Sonata: Self-Supervised Learning of Reliable Point Representations

CVPR 2025 Highlight

¹The University of Hong Kong
²Meta Reality Labs

^* indicates Equal Contribution in Alphabetic Order

Weight BibTeX Inference Demo Training Code

We recommend beginning with the inference demo. The training code is for those interested in reproducing the pre-training.
Code released under Apache-2.0 and weight release under cc-by-nc-4.0 due to restriction of training data.

Abstract

In this paper, we question whether we have a reliable self-supervised point cloud model that can be used for diverse 3D tasks via simple linear probing, even with limited data and minimal computation.

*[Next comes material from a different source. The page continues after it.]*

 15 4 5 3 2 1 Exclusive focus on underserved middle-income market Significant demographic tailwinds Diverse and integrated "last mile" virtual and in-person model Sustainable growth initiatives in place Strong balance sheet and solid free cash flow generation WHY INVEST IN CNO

We find that existing 3D self-supervised learning approaches fall short when evaluated on representation quality through linear probing. We hypothesize that this is due to what we term the "geometric shortcut", which causes representations to collapse to low-level spatial features. This challenge is unique to 3D and arises from the sparse nature of point cloud data. We address it through two key strategies: obscuring spatial information and enhancing the reliance on input features, ultimately composing a Sonata of 140k point clouds through self-distillation. Sonata is simple and intuitive, yet its learned representations are strong and reliable: zero-shot visualizations demonstrate semantic grouping, alongside strong spatial reasoning through nearest-neighbor relationships. Sonata demonstrates exceptional parameter and data efficiency, tripling linear probing accuracy (from 21.8% to 72.5%) on ScanNet and nearly doubling performance with only 1% of the data compared to previous approaches. Full fine-tuning further advances SOTA across both 3D indoor and outdoor perception tasks.

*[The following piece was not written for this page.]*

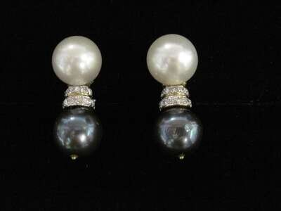 one pair with pearl and black pearl accented by full-cut diamonds; other pair with onyx and mabé pearl with pavé-set diamonds; total diamond weight approximately: 3.25 carats. *Please note: only select items shown in image.

What is the Geometric Shortcut?

This shortcut refers to the model's tendency to collapse to easily accessible, low-level geometric cues, which we identify as the primary issue. Specifically, we select a point on the sofa arm and compute pairwise similarity with other points. The similarity heatmap reveals that CSC collapses to surface normals, and MSC overfits to point height. In contrast, our Sonata can extract higher-level concepts, as can be seen by the high similarity between all sofa arms highlighted in red.

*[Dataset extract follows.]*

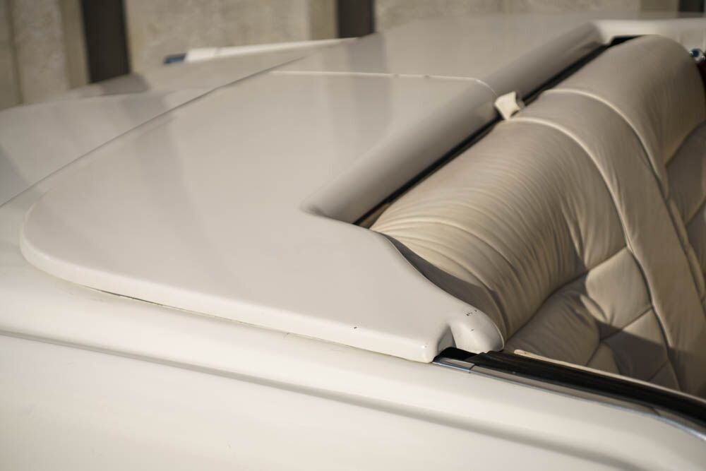This Eldorado ragtop was made during the third week of January 1976 in Cadillac's Detroit, Michigan assembly plant (VIN code Q). Dressed in Cotillion White (code 11), the big ragtop's paint and trim are in overall very good order with some signs of age present. The engine bay is very tidy and the large chrome bumpers fit tightly to the body.

It is a Unique Challenge to 3D

When comparing the information contained in 2D image and 3D point cloud data after removing the input feature (indicated by color), it is evident that in images all information is within the input feature. Whereas point clouds retain geometric information in point positions, which is directly utilized by operators. This characteristic leads to what we term geometric shortcuts in 3D SSL.

Model Design

Building upon a well-designed Point Self-distillation framework (check our paper for a more detailed explanation), we mitigate the collapse caused by geometric shortcuts through two key strategies: obscuring spatial information and enhancing the reliance on input features. Specifically, we address this issue by applying SSL losses at coarser spatial scales, disturbing the spatial information of masked points without features, and progressively increasing task difficulty to reduce reliance on accessible geometric cues.

Comparison with DINOv2

We compare the PCA visualizations of DINOv2, Sonata, and their combined feature representation. DINOv2 excels at capturing photometric details, while Sonata better distinguishes spatial information. The combined model demonstrates improved coherence and detail, showcasing the complementary strengths of both models. The linear probing results of lifted DINOv2, Sonata, and combined representation are 63.1%, 72.5%, and 75.9%, respectively, further confirming the observation above.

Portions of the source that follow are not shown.